# 100 equipment operators and 300 shovel operators needed



## snowman55 (Nov 20, 2007)

fair pay, lots of hours, pm and I will get back to you.


----------



## grandview (Oct 9, 2005)

What did you do with the guys from last year?


----------



## snowman55 (Nov 20, 2007)

Still have most figure if I hire 400 I will have 40 after 1st snowfall


----------



## Mega cab (Aug 21, 2012)

You need a half dozen buses to haul everyone around!! Do you have a labor ready staffing service around you? They could probably get you a small percent of those people.


----------



## LapeerLandscape (Dec 29, 2012)

You can find them at the Texas/Mexico border.


----------



## Do It All Do It Right (Jan 24, 2005)

Those guys don't like the cold.


----------



## Ne1 (Jan 15, 2007)

I have a hard enough time finding 12 reliable equipment operators.
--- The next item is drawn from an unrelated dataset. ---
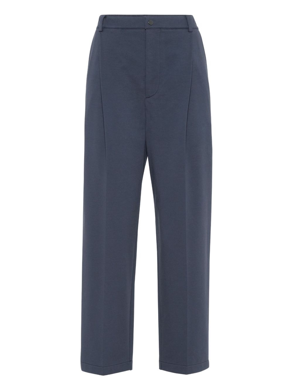 jersey trousers Highlights - Blue - Front button fastening - Rear elasticated waistband - Belt loops - Two rear patch pockets Made in Italy Composition Cotton 98%, Elastane 2%

Couldn't imagine trying to find 100 that will just show up.


----------



## 1olddogtwo (Aug 6, 2007)

Ne1;1832017 said:


> I have a hard enough time finding 12 reliable equipment operators. Couldn't imagine trying to find 100 that will just show up.


We have over 200 operators alone.....


----------



## Jguck25 (Oct 30, 2009)

1olddogtwo;1832041 said:


> We have over 200 operators alone.....


Well that explains all the new fancy equipment im always so jealous of that you're always getting.


----------